The exhibits in Museum of prehistory and protohistory are chronologically arranged, and they illustrate the history of mankind in northern Italy from Neolithic times up to the Ancient Roman colonization in the 2nd and 1st centuries B.C.

The exhibition sequence begins with the Neolithic civilization at Lagozza (Besnate, near Varese), dating back to the 4th millennium B.C., a pile-dwelling settlement. The Bronze Age (2200-1200 B.C. circa) is illustrated by archaeological findings both from timber pile-dwellings in eastern Lombardy, and from tombs discovered in the western part of Lombardy and attributed to civilizations differing to the pile-dwelling settlements (the Scamozzina and Canegrate civilizations).

The items shown throw light on the principal aspects of the period: agriculture, animal husbandry, and the decoration of horn, bone and metals.

The first Iron Age is represented by the Golasecca civilization (near Varese), which illustrates the transition from relatively simple and undifferentiated communities, whose tombs are all rather basic and similar one to another, to a period in which an aristocratic class developed, with tombs containing a wealth of extraordinarily lavish items. An example is the “First Warrior Tomb” in Sesto Calende (second half of the 7th century B.C.).

The Celtic civilization in Italy (4th century B.C.) is documented by the objects found in warriors' tombs, and by women's ornaments. From the 2nd century B.C. on, relations between Celts and Romans became more intense, and the tombs of the Gallic “Barbarians” began to contain quality objects of Roman production (bronze containers, strigils, and black-glaze table ceramics. Over the years, this interaction became increasingly frequent, documenting the progressive integration between local civilizations in the world of Ancient Rome.

Don't miss

Don't miss the funeral objects from the Scamozzina Monza Alba civilization (14th- 13th century B.C.) and the Canegrate civilization (13th century B.C.).

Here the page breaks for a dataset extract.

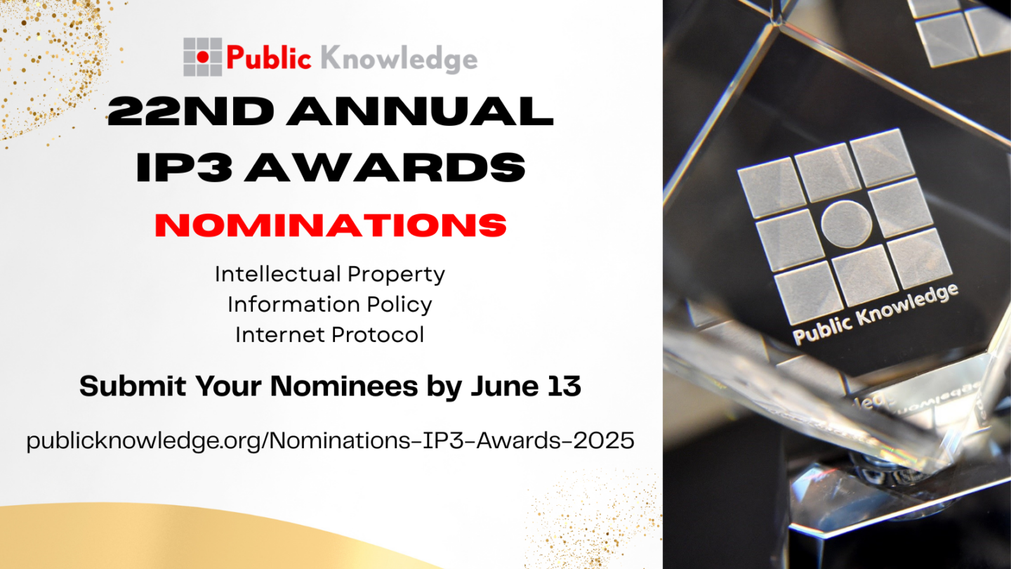 It’s time for Public Knowledge’s 22nd Annual IP3 Awards! We’re searching for visionaries and dedicated individuals making waves in Intellectual Property, Information Policy, and Internet Protocol.
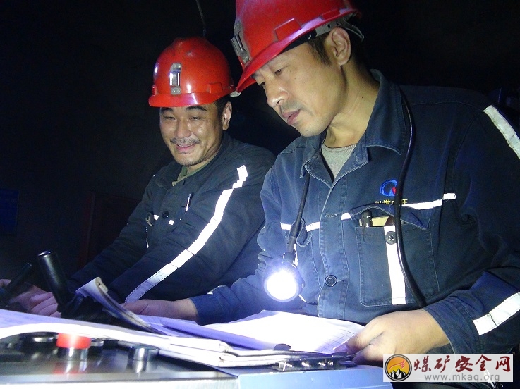 步行10分钟左右,张泽坤在118-22回风巷入口处,对掘进一队的交接班记录、班前会议记录、现场作业人员信息公示牌的填写情况进行了检查。来到碛头,他仔细查看着现场的每一根支柱、每一块顶板。“顶板上没打锚索的及时补打,打了锚索的要及时张紧。”“作业人员搞临时支护时,不要空顶作业。”“要用掌板把锚网夹住了再打临时支柱。”……张泽坤边查看边嘱咐当班队干、班组长陈沿桔、罗有干,并当场落实人员对发现的隐患、问题进行整改处理,直到四根临时支柱完全撑好后才离开碛头。

Likewise the “First Warrior's Tomb” with its remarkable collection of artefacts, dating to the 7th century B.C., is remarkably interesting. It was discovered by a farmer in Sesto Calende.

Useful details

MM1 Cairoli Castello – MM2 Lanza Piccolo Teatro


  • A wheelchair user can independently access the museum entrance and visit all the exhibition rooms. The toilet facilities - equipped in compliance with regulations for persons with physical disabilities - can also be independently accessed.
  • Halls 9, 10-15-23, 24 are not accessible for wheelchair visitors.
  • Audio guides are available: press number 5 on the tactile keypad.
  • Music workshops are organized for visitors with cognitive impairment (La voci della città). Reservations are required by phone and /or email.
  • Free entry for disabled visitors.
  • The museum is equipped with an audible fire alarm system.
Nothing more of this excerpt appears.